Written by Janet Fang, Contributor

Teams around the world are feverishly working on genetically manipulating mosquitoes to end the spread of malaria.

But their success depends on how well the genetic modification spreads in the wild. What unique advantage must they have to out survive the natural population and control a disease affecting 300 million people a year?

Scientists are working on several strategies, ScienceNOW explains:

Many involve so-called selfish genes, strange stretches of naturally occurring DNA that have ways of spreading through populations in almost parasitic fashion. The idea is that these genes could be hitched to others that mess with the parasite's life cycle and make those spread as well.

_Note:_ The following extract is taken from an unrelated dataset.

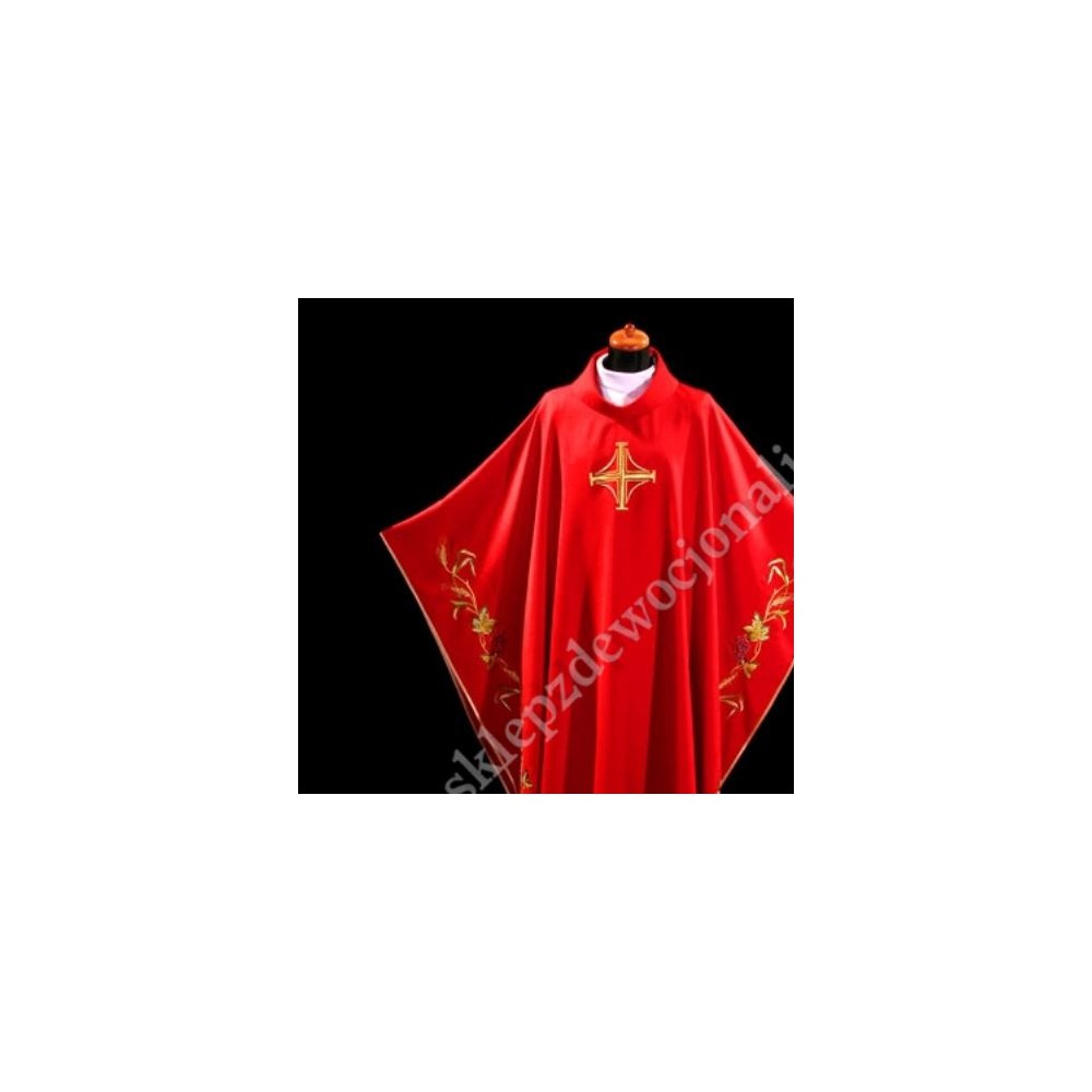 Ornat monastyczny z haftowanym złotym krzyżem i bocznymi barwnymi haftami. Szata liturgiczna uszyta z tkaniny przetykanej srebrną nicią, ze stułą wewnętrzną

But although researchers have had some success in fruit flies, nobody has been able to get a gene drive system going in mosquitoes.

To that end, Andrea Crisanti from Imperial College London and colleagues have discovered a modified genetic element that can efficiently spread through caged populations of Anopheles gambiae (pictured), a key carrier of the malaria parasite, Plasmodium.

The genetic element – a homing endonuclease gene (HEG) called I-SceI – homes to a particular portion of the DNA, where it becomes integrated into the broken chromosome.

The process – a sequence-specific genetic drive – could be used to transmit a genetic manipulation through mosquitoes populations, affecting their ability to be malaria’s vector.

HEG is a selfish gene found in fungi, plants, and bacteria that can create a second copy of itself in individuals that have only one, ensuring all offspring have the gene as well.

  1. They bred a population of Anopheles mosquitoes that glowed in the dark with a green fluorescent gene.
  2. Then they released into their cages small numbers of mosquitoes with an HEG designed specifically to break up the fluorescent gene in sperm cells and insert itself into that same place on the chromosome (to ensure its dissemination into successive generations).
  3. To monitor the spread of HEG, they counted the number of glowing green mosquitoes in each generation.
  • The cages quickly grew darker over time, as the team observed rapid invasion and persistence of I-SceI through several generations of caged mosquitoes.

In fact, if just 1% of the mosquitoes had HEG at the start of the experiment, approximately 60% would 12 generations later.

The next step, Crisanti says, is to make HEG break up a gene crucial for malaria transmission. It could be an odor-recognition gene that helps the mosquito find its host or one that the malaria parasite needs to enter the mosquito's salivary glands. The team already has 10 to 15 candidates.

The study was published in Nature yesterday.